Given an input matrix $ U \in \mathbb{R}^{p \times m} $, the model maintains a state matrix $ X \in \mathbb{R}^{n \times m} $ that satisfies:

$$
X = \phi(AX + BU)
$$

where:
- $ A \in \mathbb{R}^{n \times n} $, $ B \in \mathbb{R}^{n \times p} $: learnable parameters,
- $ \phi: \mathbb{R}^{n \times m} \to \mathbb{R}^{n \times m} $: the activation (e.g., ReLU, tanh, sigmoid),
- $ U \in \mathbb{R}^{p \times m} $:  the input matrix (each column is a data sample),
- $ X \in \mathbb{R}^{n \times m} $:  the hidden state.

The model predicts the output matrix $ \hat{Y} \in \mathbb{R}^{q \times m} $ using:

$$
\hat{Y} = CX + DU
$$

where:
- $ C \in \mathbb{R}^{q \times n} $, $ D \in \mathbb{R}^{q \times p} $: learnable parameters,
- $ \hat{Y} \in \mathbb{R}^{q \times m} $: final model output.

The model has a well-posed fixed-point solution, meaning that a **unique solution exists**, if:
- The activation function is 1-Lipschitz: 
  $$
  |\phi(x) - \phi(y)| \leq |x - y|
  $$

- The matrix $ A $ satisfies:
  $$
  \| A \|_{\infty} < 1
  $$

In [6]:
from idl import ImplicitModel

### Implicit RNN
Instead of explicitly defining the hidden state update with a linear transformation, Implicit RNNs use an Implicit Base models to formulate the recurrence in a conventional RNN form. Assume we have a dataset with $m$ data samples, each consisting of a sequence length $T$. At each timestep, the input has $p$ features, and the model maintains a hidden state of dimension $n$.
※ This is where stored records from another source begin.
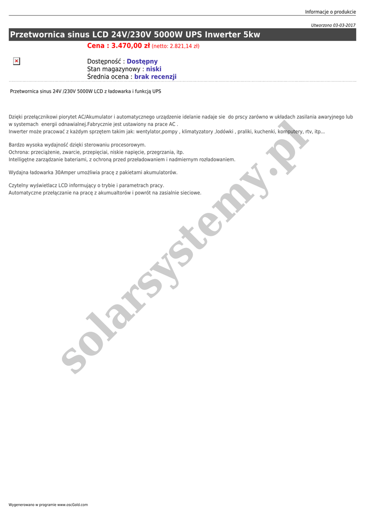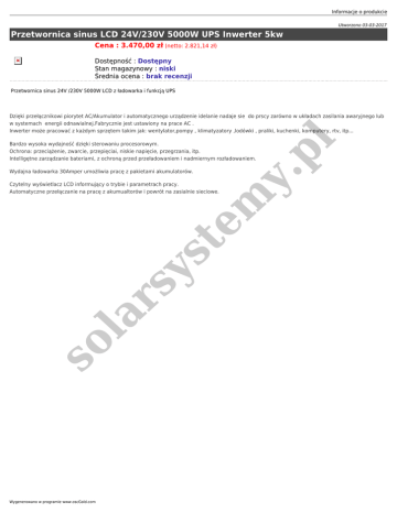 Informacje o produkcie Utworzono 03-03-2017 Przetwornica sinus LCD 24V/230V 5000W UPS Inwerter 5kw Cena : 3.470,00 zł (netto: 2.821,14 zł) Dostępność : Dostępny Stan magazynowy : niski Średnia ocena : brak recenzji Przetwornica sinus 24V /230V 5000W LCD z ładowarka i funkcją UPS Wydajna ładowarka 30Amper umożliwia pracę z pakietami akumulatorów. so la rs ys te m Czytelny wyświetlacz LCD informujący o trybie i parametrach pracy. Automatyczne przełączanie na pracę z akumualtorów i powrót na zasialnie sieciowe. y. p Bardzo wysoka wydajność dzięki sterowaniu procesorowym. Ochrona: przeciążenie, zwarcie, przepięciai, niskie napięcie, przegrzania, itp. Intelligętne zarządzanie bateriami, z ochroną przed przeładowaniem i nadmiernym rozładowaniem. Wygenerowano w programie www.oscGold.com l Dzięki przełącznikowi piorytet AC/Akumulator i automatycznego urządzenie idelanie nadaje sie do prscy zarówno w układach zasilania awaryjnego lub w systemach energii odnawialnej.Fabrycznie jest ustawiony na prace AC . Inwerter może pracować z każdym sprzętem takim jak: wentylator,pompy , klimatyzatory ,lodówki , praliki, kuchenki, komputery, rtv, itp... l y. p te m ys la rs so Możliwość dokupienia panel sterownia na kablu 10m Informacje o produkcie so la rs ys te m y. p l cena 280zł brutto Wygenerowano w programie www.oscGold.com
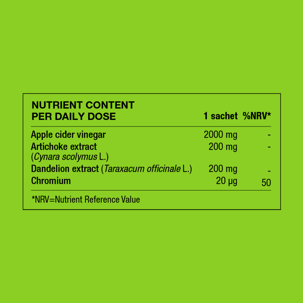 Apple Cider™ Shot is suitable for adults who want a convenient, ready-to-use liquid apple cider vinegar supplement as part of their daily routine. It is ideal for those looking for a tasty sachet format that combines apple cider vinegar with botanical extracts and chromium.
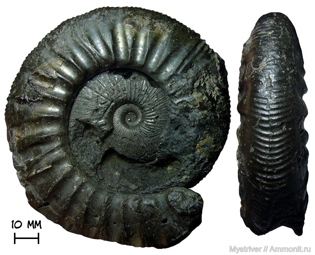 Как-то мне В.В.Митта объяснял, что зарайскензис характеризуется зарайскитовыми начальными оборотами( двураздельные рёбра,как у пересфинктов), в отличии от Vergatites gerasimovi с вергатитовыми нач.оборотами(на фоне - мелких рёбер - стабильные сильные приподнятые одиночные). Далее- частые многоветвистые рёбра на уплощенных боках и приплюснутом венторе фрагмакона,так как это видно на фото. Жилые камеры с идентичной скульптурой,как у предка и потомка. На фото вергатитес герасимови ранняя форма,предположительно- микроконх. | ||||||

Given an input sequence $ U \in \mathbb{R}^{m \times T \times p} $, the implicit hidden state $ X_t \in \mathbb{R}^{m \times n} $ satisfies the equilibrium equation:

$$
X_t = \phi(AX_t + B [U_t, H_{t-1}]),
$$

followed by the output mapping equation, to return the RNN hidden state $H_t$:

$$
H_t = CX_t + DU_t,
$$

where:
- $ A \in \mathbb{R}^{n \times n} $, $ B \in \mathbb{R}^{n \times (p+n)} $, $C \in \mathbb{R}^{n \times n}$, $D \in \mathbb{R}^{n \times p}$: learnable parameters,
- $ U_t \in \mathbb{R}^{m \times p} $: the input at timestep $ t $,
- $ X_t \in \mathbb{R}^{m \times n} $: implicit hidden state at time step $t$ (solved via a fixed-point equation), 
- $ H_t $: the hidden state at timestep $ t $,
- $ \phi $: the activation (e.g., ReLU, tanh, sigmoid).

Finally, a linear layer projects the final hidden state $H_T$ to the output dimension.

In [1]:
from idl import ImplicitRNN